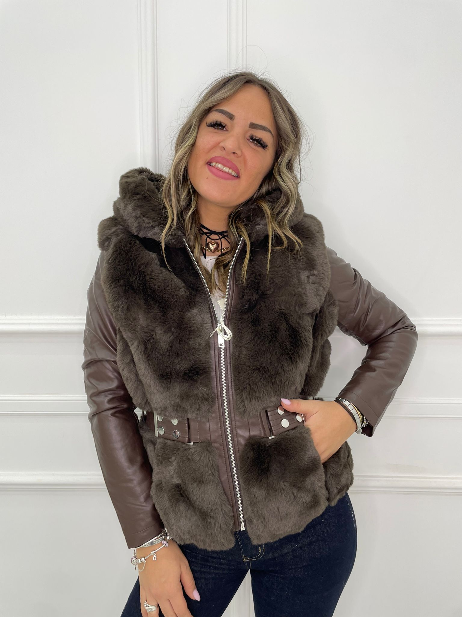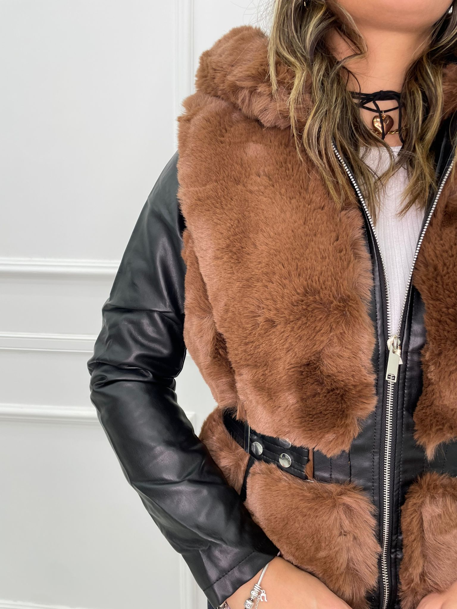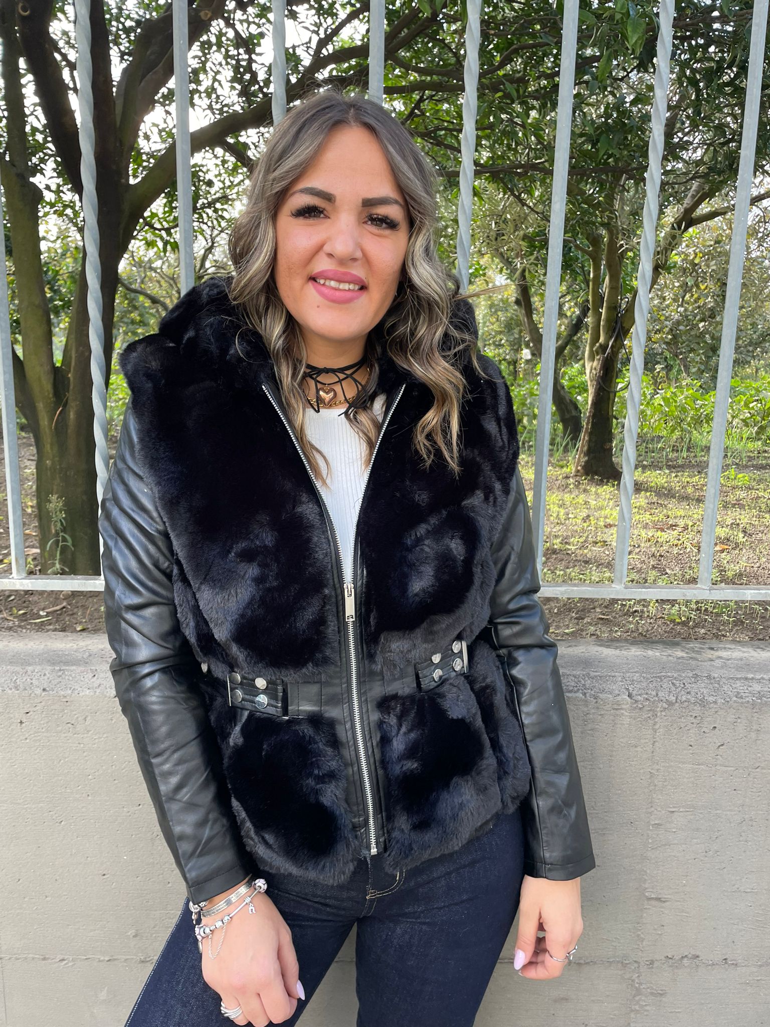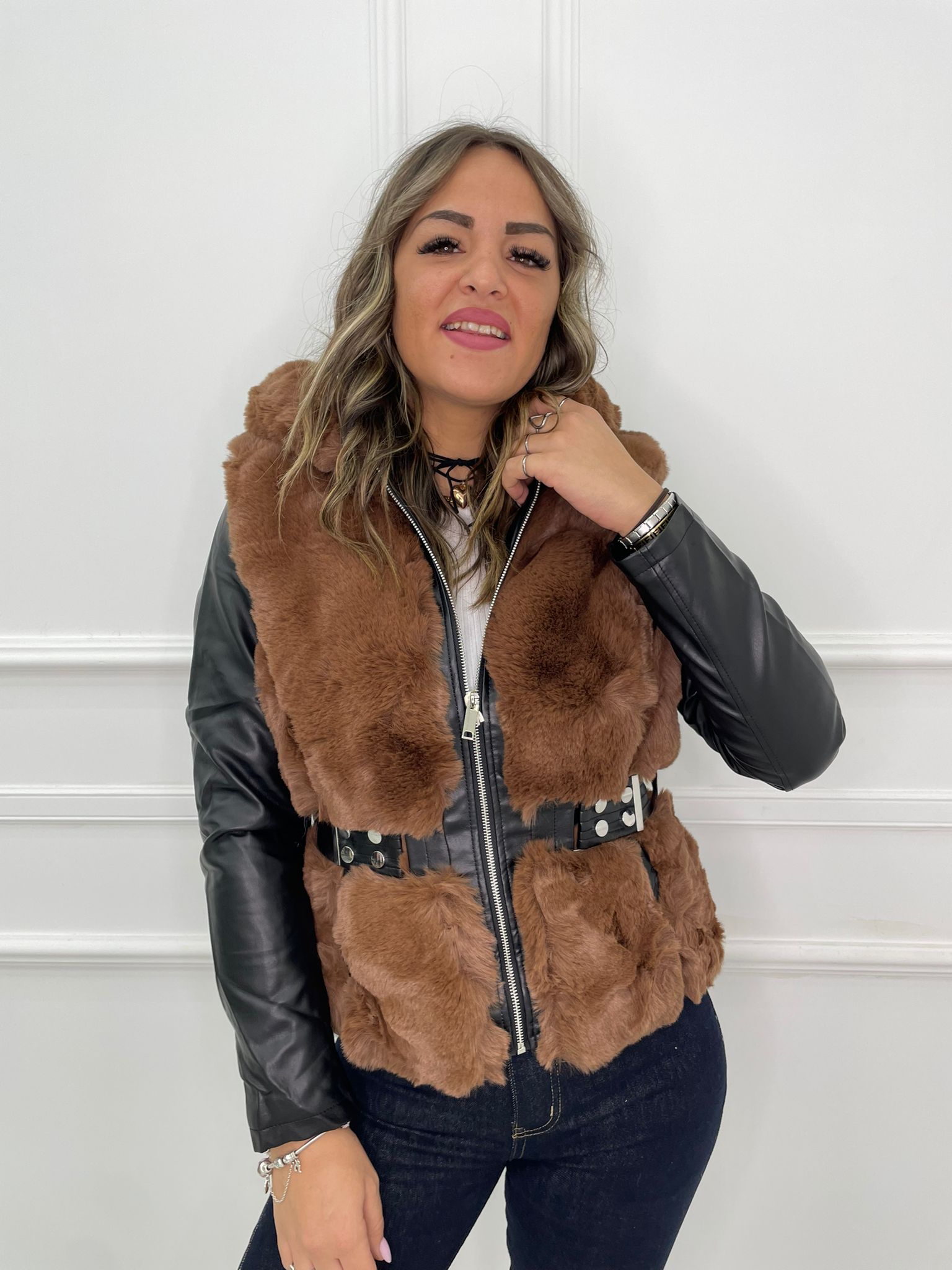 Pelliccia eco con maniche eco pelle e fibbie laterali
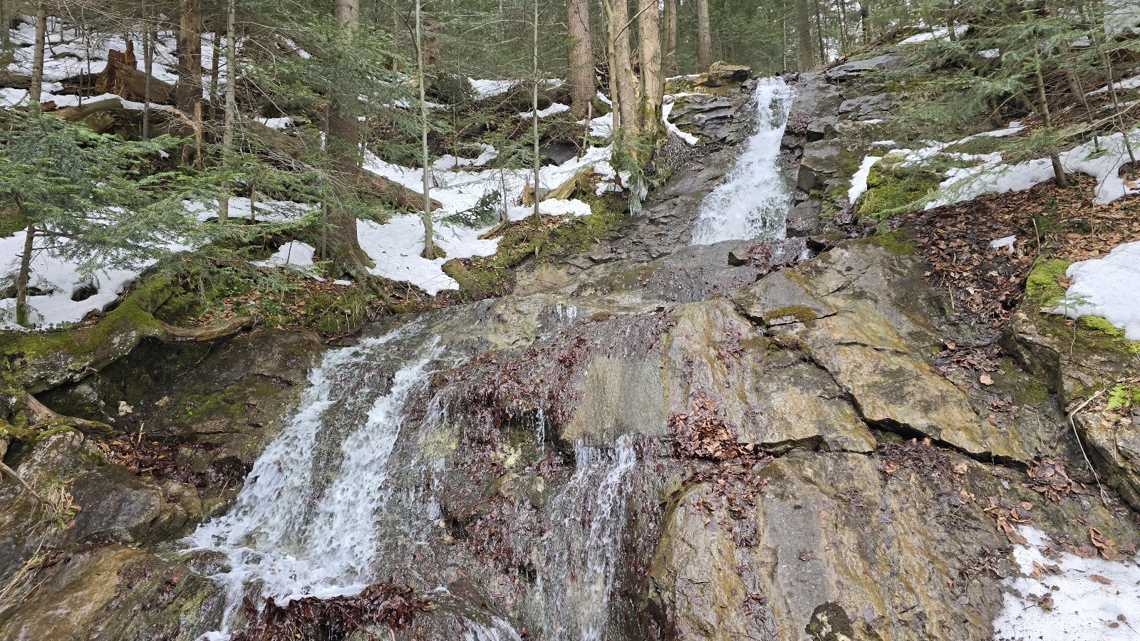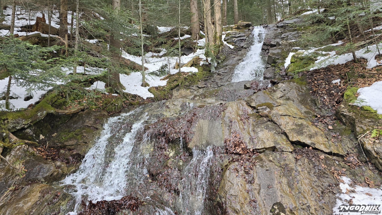Na Drodze pod Reglami jeszcze sporo śniegu. Tylko miejscami nie ma lodu i zmrożonego śniegu. Dziś w godzinach popołudniowych na szlaku nie było prawie nikogo. Pięknie prezentuje się wodospad Spadowiec położony między Doliną Białego a Doliną ku Dziurze. W nocy ma poprószyć śnieg, poprawa pogody od piątku i codziennie parę stopni cieplej.
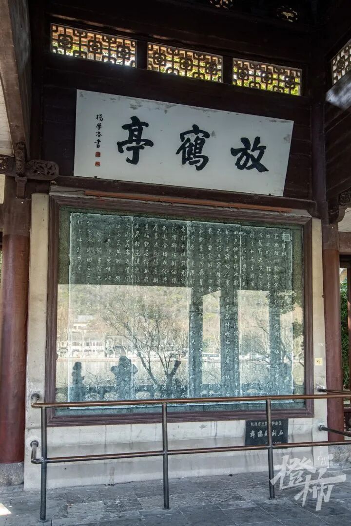 連各位皇帝都要專門來孤山附庸這番風雅。明代書法家董其昌書寫了南朝詩人鮑照所撰的《舞鶴賦》,後來康熙皇帝聽聞了“梅妻鶴子”的故事,於是就臨摹董其昌書寫了一篇《舞鶴賦》,這刻碑現就在放鶴亭中。
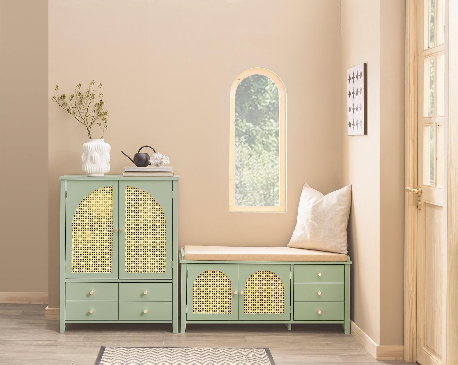 Suolo lentynos yra reguliuojamos, todėl galite pritaikyti skyrius pagal savo individualius laikymo poreikius. Tai leidžia efektyviai išnaudoti erdvę ir užtikrinti, kad visi jūsų daiktai būtų lengvai pasiekiami.
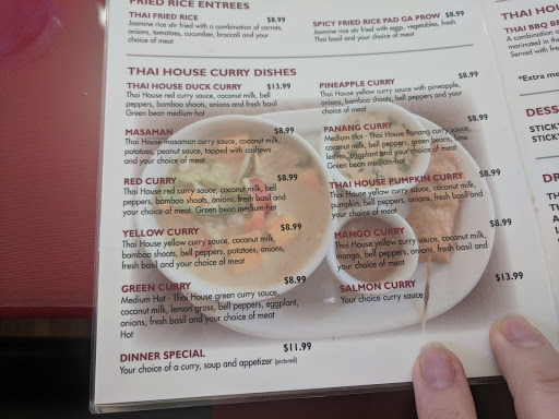 The curries are VERY good. I especially love the duck curry, the yellow curry (which is the same as duck with different meat), and for something a little spicier, the green curry. The pad Thai is also very good. And the sticky rice is soo good. Lunch special is a very good deal, 6.99 for a half portion of curry, rice, soup, and either a grilled chicken skewer or an egg roll. I highly recommend.
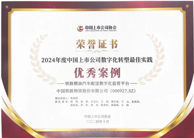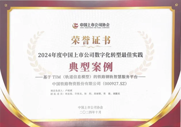 日前,best365足球彩票官网自主研发的“铁路燃油汽车配送数字化监管平台”“基于 TIM(轨道信息模型)的铁路钢轨智慧服务平台”荣获中国上市公司协会颁发的2024年度中国上市公司数字化转型最佳实践“优秀案例”和“典型案例”,为行业数字化发展树立了标杆。
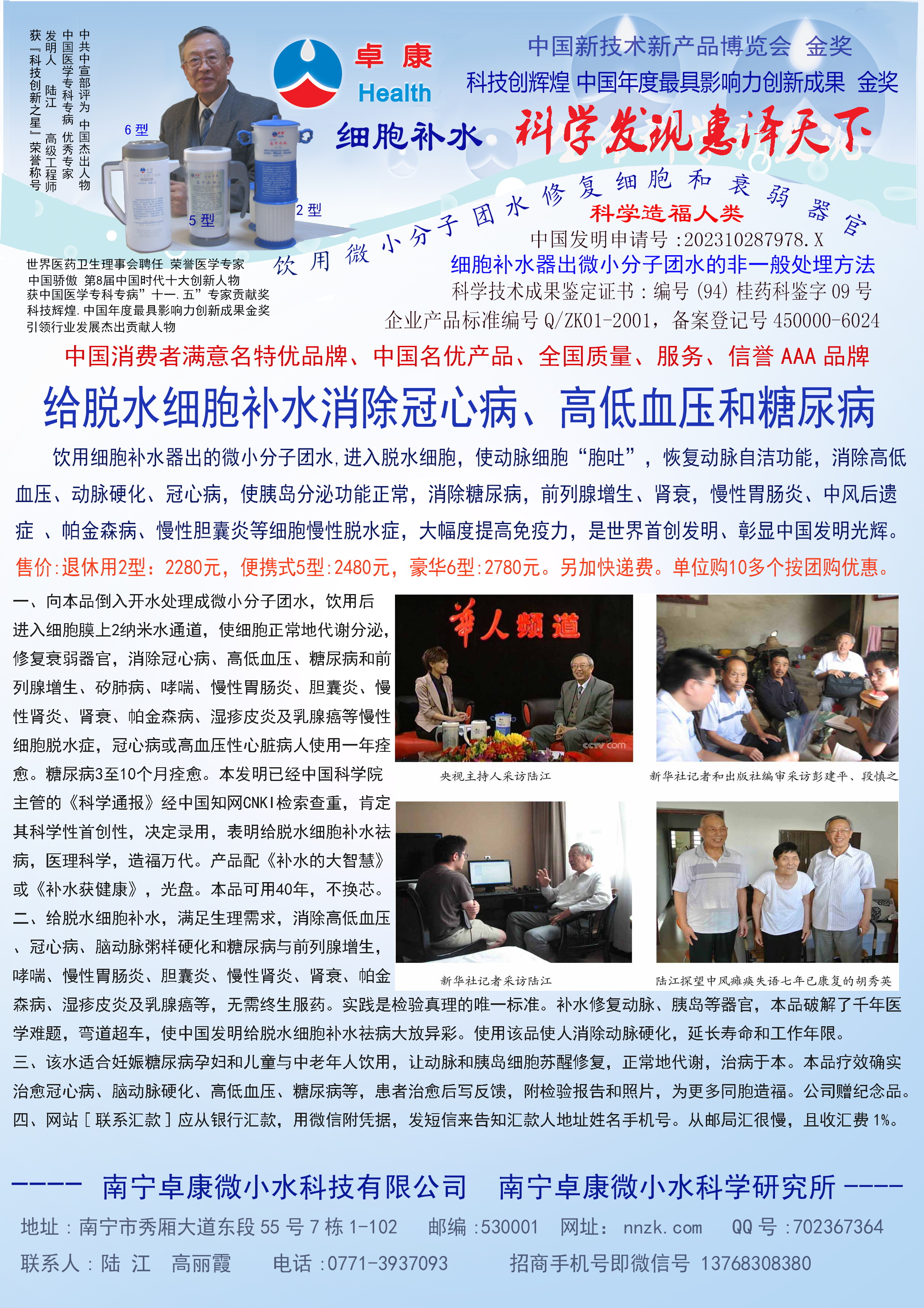 人類幾千年來患以上病癥需終生服藥,幾十年也不能治愈。可是我國南寧的高級(jí)工程師陸 江,于1990年想根治高血壓,研究發(fā)明了離子水瓶,處理出微小分子團(tuán)水供飲用,經(jīng)過醫(yī)院臨床試用和專家鑒定,1999年獲中國發(fā)明專利權(quán),產(chǎn)品于2000年投放市場后一直跟蹤調(diào)查,據(jù)全國各地用戶反饋:祛除了高低血壓、糖尿病和冠心病,并使前列腺增生、咽喉炎、鼻竇炎、慢性氣管炎、支氣管炎、矽肺病、哮喘、慢性胃炎、腸炎、慢性膽囊炎、慢性腎炎、腎衰、膀胱炎、便秘、痔瘡、風(fēng)濕性關(guān)節(jié)炎和濕疹皮炎及中風(fēng)后遺癥等病癥不藥而愈。為什么喝微小水能治20多種病?陸 江從1991年德國科學(xué)家發(fā)現(xiàn)細(xì)胞膜水通道僅為2納米獲得啟發(fā),認(rèn)為多種器官患病是因細(xì)胞脫水,不能正常代謝和分裂增殖,才使器官細(xì)胞減少致衰弱萎縮而形成細(xì)胞缺水性病癥。22年來的實(shí)踐有力地支持了“細(xì)胞脫水致病”這一重要論點(diǎn),表明喝微小水可滿足細(xì)胞的生理需求,補(bǔ)水就能祛病,是生命科學(xué)新亮點(diǎn)。
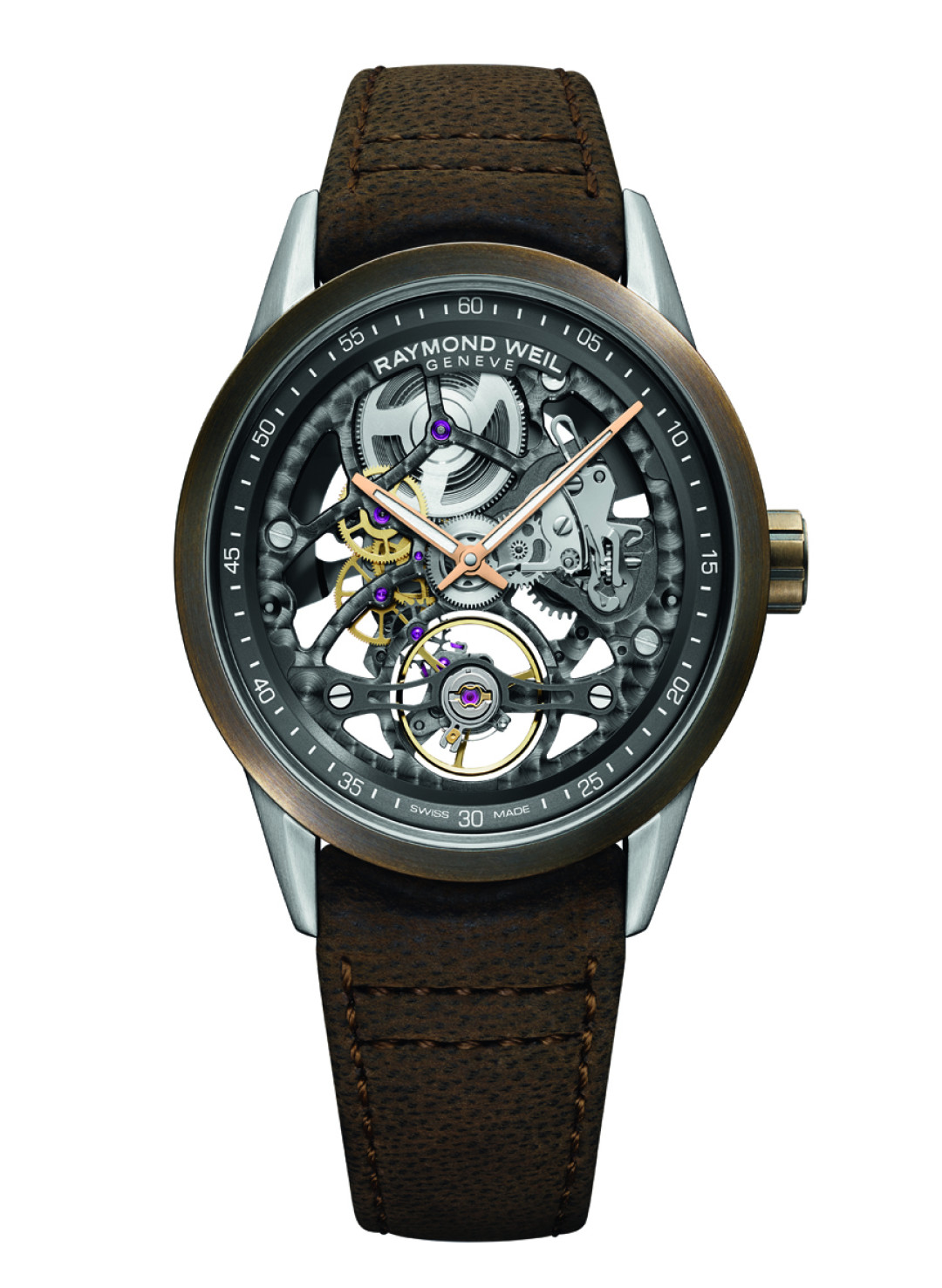 Скелетон в корпусе из нержавеющей стали с массивным бронзовым безелем посажен на ремешок из состаренной коричневой кожи.
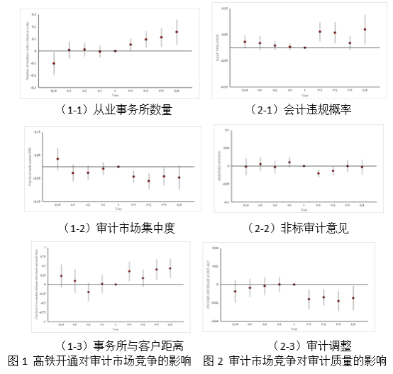 基于中国情境,jinnianhui今年会管理学院张鹏东助理教授与来自麻省理工学院(MIT)和厦门大学的合作者深入研究了审计市场竞争与审计质量之间的关系。研究发现,当会计师事务所与审计客户之间的差旅时间因城市间开通高铁而大幅缩减后,会计师事务所之间的竞争加剧,从而导致审计质量下降,表现为审计客户违反会计准则的概率增加4.5%、获得非标意见的概率降低1.7%、事务所实施的审计调整减少1.6%。这一关系在高铁开通给事务所带来更大竞争压力时更为显著,而在客户对审计质量要求较高时会被削弱。
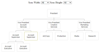 Demonstrates an organizational chart styled to look like a flow chart with interactive hierarchical path highlighting.
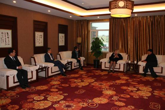 辽宁省外经贸厅副厅长李东、365英国上市公司党委书记于文明、党委副书记贾玉明会见土库曼斯坦教育部国际关系局官员哈姆拉耶娃女士,公司俄语系杨春红副教授(左三)做翻译
- - - -
(WHAT THIS TASK INVOLVES): From the entries above, copy exactly the lines starting at the one with "Скелетон в корпусе" and stopping at the one with "Demonstrates an organizational", keeping both ends. Drop the pictures.

(SOLUTION BELOW):
 Скелетон в корпусе из нержавеющей стали с массивным бронзовым безелем посажен на ремешок из состаренной коричневой кожи.
 基于中国情境,jinnianhui今年会管理学院张鹏东助理教授与来自麻省理工学院(MIT)和厦门大学的合作者深入研究了审计市场竞争与审计质量之间的关系。研究发现,当会计师事务所与审计客户之间的差旅时间因城市间开通高铁而大幅缩减后,会计师事务所之间的竞争加剧,从而导致审计质量下降,表现为审计客户违反会计准则的概率增加4.5%、获得非标意见的概率降低1.7%、事务所实施的审计调整减少1.6%。这一关系在高铁开通给事务所带来更大竞争压力时更为显著,而在客户对审计质量要求较高时会被削弱。
 Demonstrates an organizational chart styled to look like a flow chart with interactive hierarchical path highlighting.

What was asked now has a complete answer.